Paylaş
Cumhuriyetin son 50 yılının bir dönemine damgasını vuran ne kadar çok ismi tek bir yıl içerisinde kaybetmişiz.
Sonra 7 Haziran seçimlerinde HDP’nin barajı geçmesi, ardından patlayan terörle Ankara’da 109 kişiyi katleden intihar bombaları, kazılan hendekler, terk edilen şehirler ve bir anda iç savaş görüntüsü vermeye başlayan Türkiye.
Hürriyet’e iki kez saldırı, Ahmet Hakan’ın hastanelik edilmesi, Can Dündar ve Erdem Gül’ün ‘haber yazdılar’ diye demir parmaklıklar arkasına konması. Zaten yıllardır sorgulanan demokrasi, hukuk ve yargı sistemi üzerine düşen yeni kara lekeler.
Yazdıklarımız yazmadıklarımızın binde biri bile değil. Ama bu kadar olay arasında ömür boyu unutamayacağım karelerden biri, Bodrum’dan Yunanistan’a kaçmak isterken Ege’nin azgın sularına yenik düşen göçmen botundan sahile vuran Suriyeli 3 yaşındaki Aylan Bebek olacak. DHA Bodrum muhabiri Nilüfer Demir’in çektiği fotoğraf o güne kadar üç maymunu oynayan dünyayı ayağa kaldırdı. New York Times gazetesi ise yılın son büyük röportajında; Aylan bebeğin Kanada’dan Suriye’ye, Almanya’dan İstanbul’a dünyanın dört bir yanındaki akrabalarına ulaşıp Esad rejimi, IŞİD terörü, fabrikalarda bakımevi diye açılan odalarda çocukları bile boğaz tokluğuna ambalaj kutuları doldururak çalışmak zorunda kalan ve sonunda dayanamayıp sulara gömülen bir ailenin dramını anlatıyordu.
Birkaç hafta önce suyun öbür yakasında Sakız’a ulaşabilenleri gördüm.

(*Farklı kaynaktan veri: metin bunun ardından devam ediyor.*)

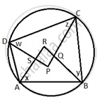 ∠ARB = 180° - (x + y) and ∠CPD = 180° - (z + w)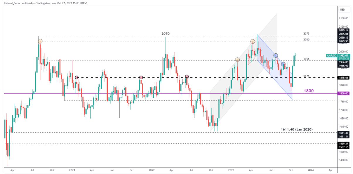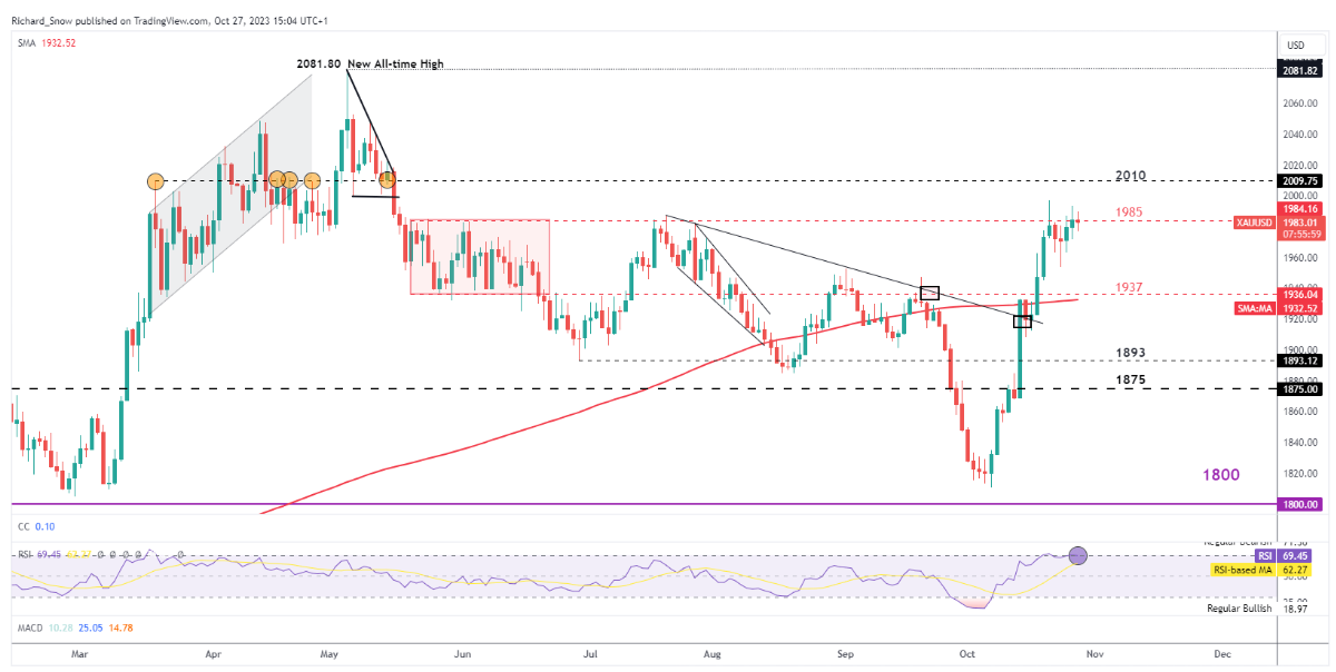 “2010美元似乎是下一个阻力位,随后是2081.80美元左右的历史高点,金价目前远高于200日简单移动平均线 (SMA)。如果价格走势从此处回调,支撑位将出现在1937美元,该位置与200日SMA重合。”

Kucaklarında birkaç aylık bebekleriyle kadınlar boş gözlerle denize bakıp önlerindeki belirsiz geleceğe dalmışlardı. Halbuki kısa bir süre öncesine kadar onlar da sıcacık evlerinde oturuyorlardı. Şimdi ise insanlığın utanç abidesi olarak limana sıralanmışlar ayazda titriyorlardı.
Sakızlılar Suriyeli göçmenleri Ada’dan gönderebilmek için kendi aralarında para toplayıp gemi biletlerini alıyorlarmış. Her gün gemi yanaşıp kapaklar açıldığında yüzlerce Suriyeli sonu belirsiz yeni bir yolculuk için iskeleye hücum ediyordu. Gördüklerimin filmlerde izlediğimiz Birinci, İkinci Dünya Savaşı görüntülerinden eksiği yok, fazlası vardı.
2015; özel, güzel olayların dışında pek hatırlanmak istenmeyecek bir yıl olacak. Şu anda en fazla ihtiyacımız olan barış ve huzurun 2016’da gelebilmesi dileğiyle.